'We The Animals' Trailer: Jeremiah Zagar's Dreamy Sundance Hit Channels Terrence Malick
A lot of filmmakers can try to imitate the lyrical, dreamy style of Terrence Malick, but few can replicate it. And the auteur's acclaimed Tree of Life certainly comes to mind while watching Jeremiah Zagar's hypnotic We the Animals trailer. But there's an unsettling wildness that sets Zagar's Sundance darling apart.
We the Animals Trailer
Stunning and visceral, the We the Animals trailer tells the story of Jonah (Evan Rosado) and his two brothers Manny and Joel. But his idyllic childhood of wrestling with his brothers and living wildly in upstate New York while his sensitive mother (Sheila Vand) spoils him, is interrupted when his irresponsible father (Raúl Castillo) puts them in danger. Their parents regularly abandon them on a whim, leaving the boys to fend for themselves and grow into embittered teens. But Jonah holds tight to the idealism of his childhood, often vanishing into an imagined world of his own.

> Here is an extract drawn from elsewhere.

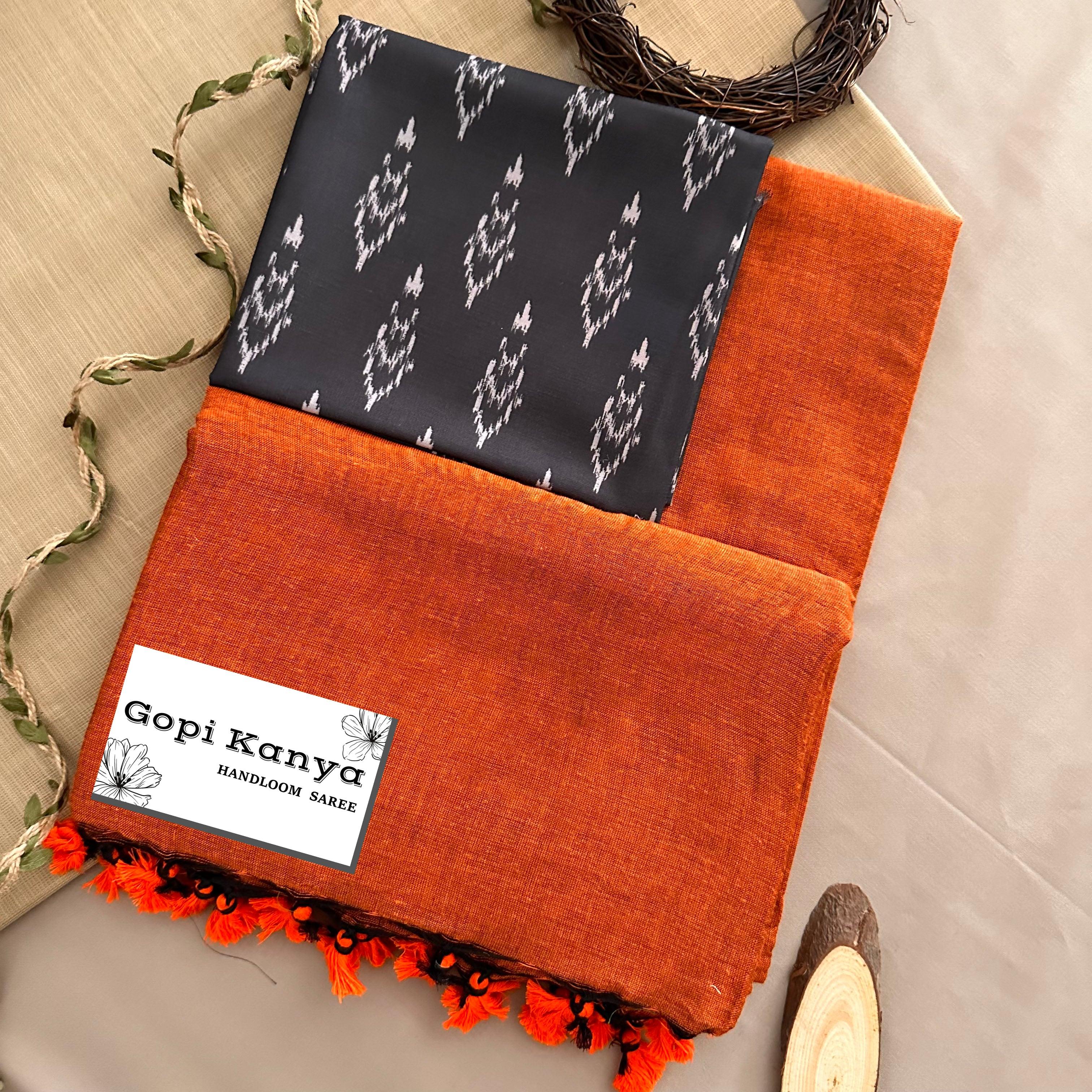 Orange Khadi Cotton Saree With Printed Blouse—

Based off the best-selling 2011 novel by Justin Torres, We the Animals made a splash at Sundance when it premiered at the film festival earlier this year. The Seattle Times praised it as a "a haunting, singular coming-of-age story" while Indiewire proclaimed it to be "this year's Moonlight." The film won the NEXT Innovator Award and was quickly snatched up by Orchard for distribution later this summer.

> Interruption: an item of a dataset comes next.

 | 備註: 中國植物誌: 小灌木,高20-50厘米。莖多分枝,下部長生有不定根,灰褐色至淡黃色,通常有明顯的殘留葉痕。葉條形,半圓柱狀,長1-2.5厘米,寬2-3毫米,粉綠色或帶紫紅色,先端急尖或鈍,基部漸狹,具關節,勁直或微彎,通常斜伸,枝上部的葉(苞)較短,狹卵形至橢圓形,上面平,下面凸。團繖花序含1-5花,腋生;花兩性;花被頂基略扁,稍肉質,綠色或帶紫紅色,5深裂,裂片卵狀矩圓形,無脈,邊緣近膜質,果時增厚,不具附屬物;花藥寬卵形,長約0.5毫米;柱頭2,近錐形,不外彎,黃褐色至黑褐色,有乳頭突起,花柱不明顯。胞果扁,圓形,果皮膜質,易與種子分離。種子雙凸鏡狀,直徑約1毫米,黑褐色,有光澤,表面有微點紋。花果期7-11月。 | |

The enchanting trailer seems to live up to the praise. It feels like a cross between the Japanese film Nobody Knows and Tree of Life — like Malick's meandering lyricism is given a tragic focus. And the performances from the young stars look like they're on par with the tour-de-force turns from Moonlight's young stars last year, which could put We the Animals in contention for this year's Oscar race.
Here is the official synopsis for We the Animals:
Manny, Joel, and Jonah tear their way through childhood. Their mother and father have a volatile relationship that makes and unmakes the family many times over, often leaving the boys fending for themselves. As their parents rip at one another, Manny and Joel harden and grow into versions of their father. With the triumvirate fractured, Jonah, who is the youngest, becomes increasingly aware of his desperate need to escape. Driven to the edge, Jonah embraces an imagined world all his own.